L'armée israélienne possède des informations sur ce plan des gardiens de la révolution. La Direction du renseignement militaire a probablement surveillé les préparatifs en Syrie et au Liban, et est arrivée à la conclusion que les Iraniens essayaient de repousser l'attaque, principalement parce qu'ils ne veulent pas irriter les Européens qui les soutiennent sur la question de l'accord nucléaire et parce qu'une opération directe des Gardiens de la révolution à partir de la Syrie confirmerait les affirmations d'Israël selon lesquelles des éléments militaires iraniens opèrent à partir du territoire syrien.

Les Iraniens ont toujours nié ces affirmations israélienne. Cela pourrait donc leur causer des ennuis, non seulement avec les Européens, mais aussi avec la Russie et avec le régime du président Bachar al-Assad, qui s'oppose à toute activité iranienne qui compromettrait la stabilité en Syrie. De plus, la pratique iranienne consiste à agir contre les ennemis de l'Iran par le biais de procurations plutôt que directement. De plus, le ministre de la Défense, Avigdor Lieberman, a déjà déclaré qu'une attaque iranienne directe contre Israël conduirait à une riposte israélienne en Iran.

Pour toutes ces raisons, les Iraniens ont choisi de charger les milices chiites irakiennes, qui opèrent déjà en Syrie, de l'attaque, sous la direction du Hezbollah, plus expérimenté et familier avec les cibles israéliennes.

Les représailles iraniennes cibleront probablement des bases militaires israéliennes. Le Hezbollah a essayé, à plusieurs reprises dans le passé,  d'attaquer ces installations avec des roquettes et des missiles dans le but de perturber l'activité de Tsahal, et principalement l'activité de l'armée de l'air israélienne.
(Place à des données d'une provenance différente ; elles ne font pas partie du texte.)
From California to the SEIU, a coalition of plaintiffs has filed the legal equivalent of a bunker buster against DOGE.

Il est parfaitement clair que les Iraniens ne sont pas intéressés à déclencher une guerre. Ils veulent mener une attaque, mais limitée, pour venger l'assassinat des Iraniens en Syrie et d'une manière qui conduirait Israel, soit de déclarer la guerre à l'Iran, soit de faire preuve de retenue.

Début 2015, Israël avait décidé de ne pas réagir à une attaque du Hezbollah dans la région du mont Dov à la suite d'une attaque israélienne présumée qui aurait tué le commandant du Hezbollah Jihad Mughniyeh et un général iranien. Le Hezbollah, au nom des Iraniens, a attaqué une force de Tsahal avec des missiles antichars, tuant un officier israélien et un soldat.
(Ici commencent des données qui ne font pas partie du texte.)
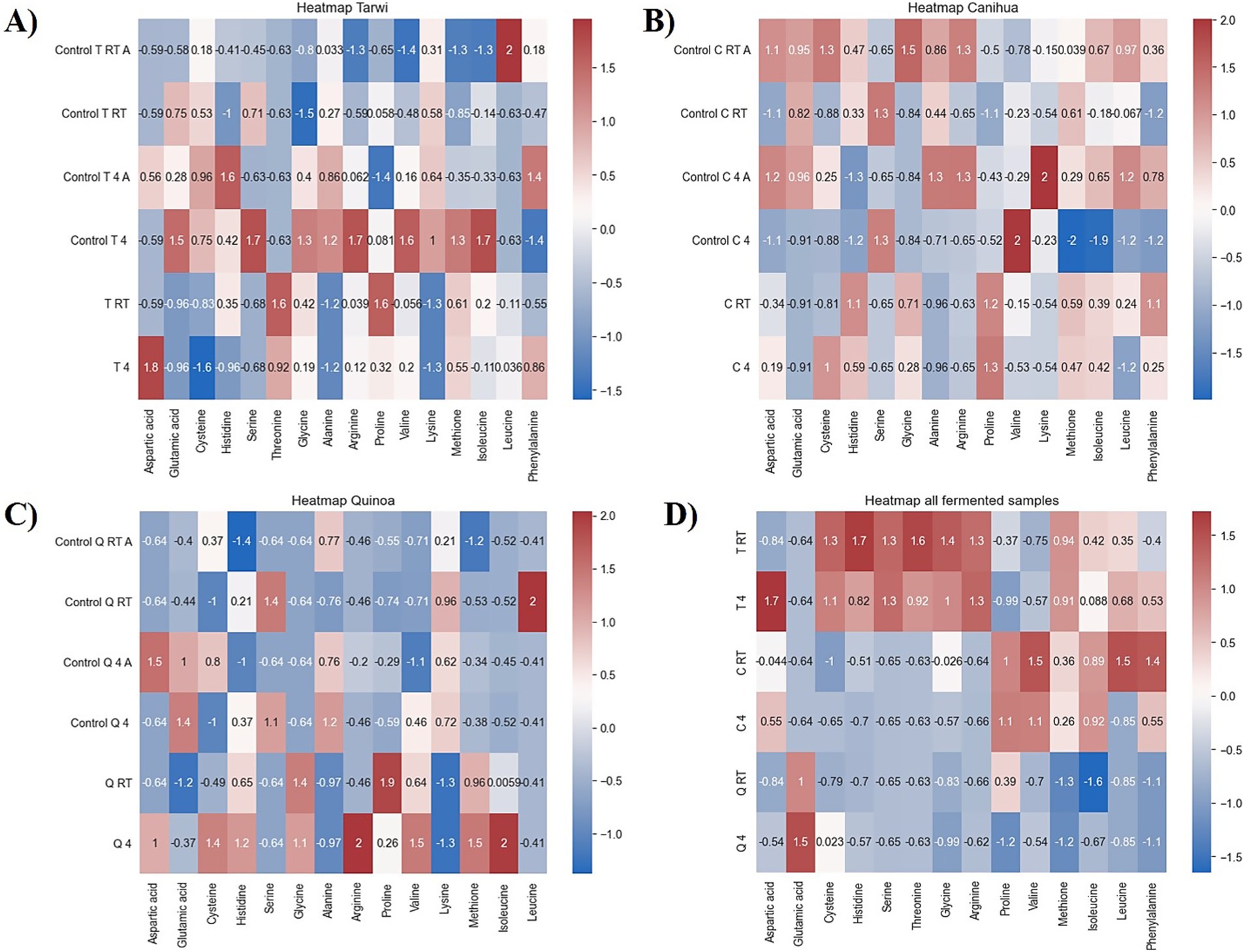 Figure 7. Heat maps of controls. RT, room temperature prior treatment; 4, 4 °C; A, autoclaved control; (A) Tarwi, (B) Cañihua, (C) quinoa, and (D) all fermented samples. All plots were made in Python (v3.11) using matplotlib (v3.8.0) and seaborn (v0.13.0).

L'Iran et Israël ne sont pas intéressés par la guerre et essaieront de contenir l'événement. La révélation par Israël du plan de représailles iranien pourrait entraîner son soit annulation , soit son report pour une longue période. Cela reste à voir.

Une chose est claire: même si les Iraniens décident d'aller de l'avant avec leur plan et ordonnent aux milices de lancer des missiles sur Israël, ils ne prendront plus Israël par surprise, et les systèmes israéliens d'interception et de défense aérienne n'auront probablement aucun problème à les neutraliser.

Sachant que ses systèmes de défense actifs sont capables de faire face à la menace, l'armée israélienne n'a émis aucun ordre de préparation spécial pour les populations israéliennes du nord du pqys. En outre, les Iraniens et leurs mandataires veulent attaquer des cibles militaires plutôt que civiles, de sorte que les citoyens israéliens n'ont aucune raison de s'inquiéter.

Les Iraniens savent que la riposte israélienne à une attaque sur ses installations civiles et les civils sera très douloureuse, et ne sont certainement pas intéressés par cela. Le dilemme iranien conduira donc probablement à un report de leurs représailles.